Given entries Block Start
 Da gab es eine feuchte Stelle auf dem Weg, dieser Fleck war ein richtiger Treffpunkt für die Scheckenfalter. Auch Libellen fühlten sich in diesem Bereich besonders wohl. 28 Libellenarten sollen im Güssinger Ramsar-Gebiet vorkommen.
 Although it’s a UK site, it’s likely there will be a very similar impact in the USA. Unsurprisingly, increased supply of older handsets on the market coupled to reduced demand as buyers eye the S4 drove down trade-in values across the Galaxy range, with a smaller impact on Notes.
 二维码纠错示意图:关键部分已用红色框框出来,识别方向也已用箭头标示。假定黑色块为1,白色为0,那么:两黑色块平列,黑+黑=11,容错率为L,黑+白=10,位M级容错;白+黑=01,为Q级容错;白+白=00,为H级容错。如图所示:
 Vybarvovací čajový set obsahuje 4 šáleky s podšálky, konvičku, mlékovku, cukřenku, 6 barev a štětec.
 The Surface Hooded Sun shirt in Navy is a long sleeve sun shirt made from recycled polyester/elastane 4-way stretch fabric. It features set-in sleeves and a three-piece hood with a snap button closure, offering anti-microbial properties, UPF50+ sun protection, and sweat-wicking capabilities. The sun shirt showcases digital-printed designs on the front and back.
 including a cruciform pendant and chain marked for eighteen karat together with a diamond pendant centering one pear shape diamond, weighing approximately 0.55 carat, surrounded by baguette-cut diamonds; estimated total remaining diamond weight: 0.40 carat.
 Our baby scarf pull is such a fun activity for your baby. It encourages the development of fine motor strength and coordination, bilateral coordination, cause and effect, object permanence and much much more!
Given entries Block End
Given entries Block Start
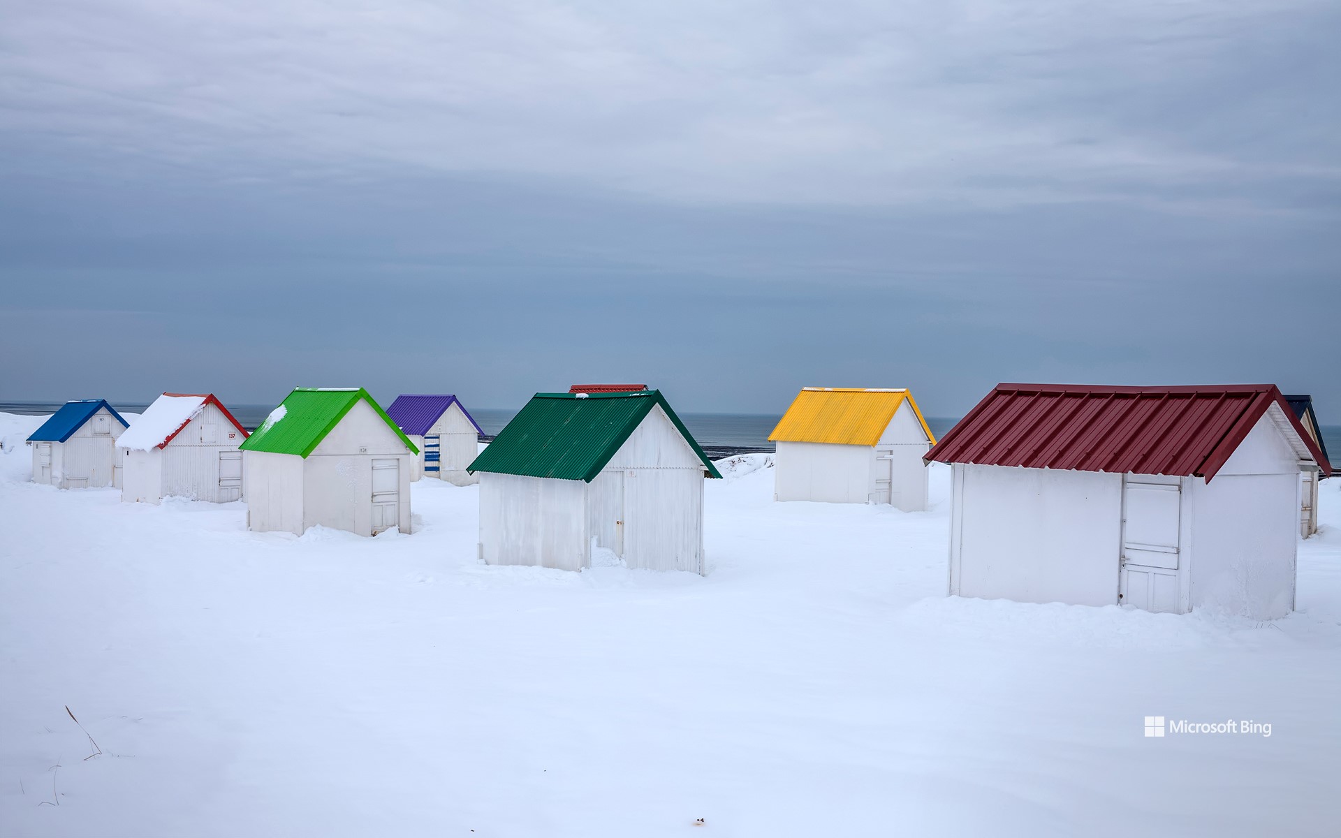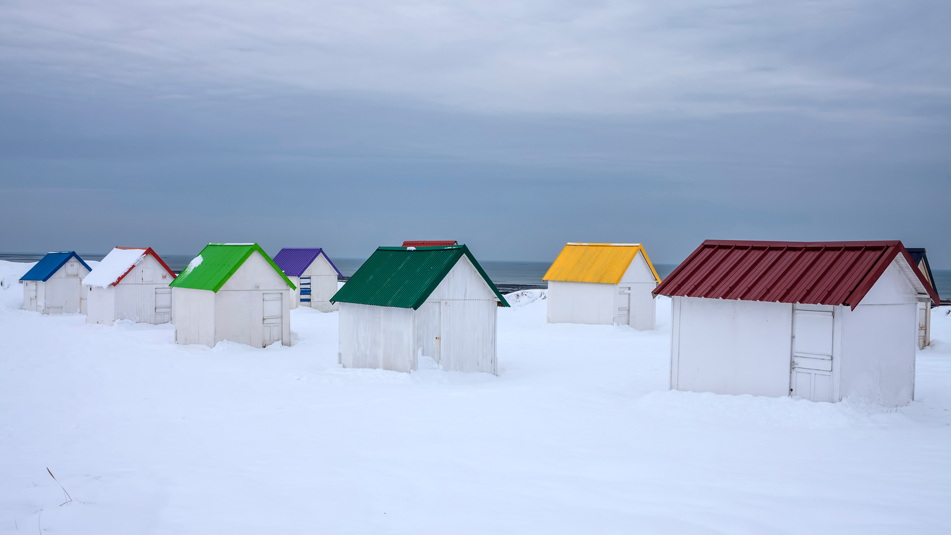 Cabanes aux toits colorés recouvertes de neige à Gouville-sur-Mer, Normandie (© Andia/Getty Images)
Given entries Block End
> [Your task]
All that is needed is the exact run of lines above from the line containing "Vybarvovací čajový set" through the line containing "The Surface Hooded", both of them included.

> [Finished exercise]
 Vybarvovací čajový set obsahuje 4 šáleky s podšálky, konvičku, mlékovku, cukřenku, 6 barev a štětec.
 The Surface Hooded Sun shirt in Navy is a long sleeve sun shirt made from recycled polyester/elastane 4-way stretch fabric. It features set-in sleeves and a three-piece hood with a snap button closure, offering anti-microbial properties, UPF50+ sun protection, and sweat-wicking capabilities. The sun shirt showcases digital-printed designs on the front and back.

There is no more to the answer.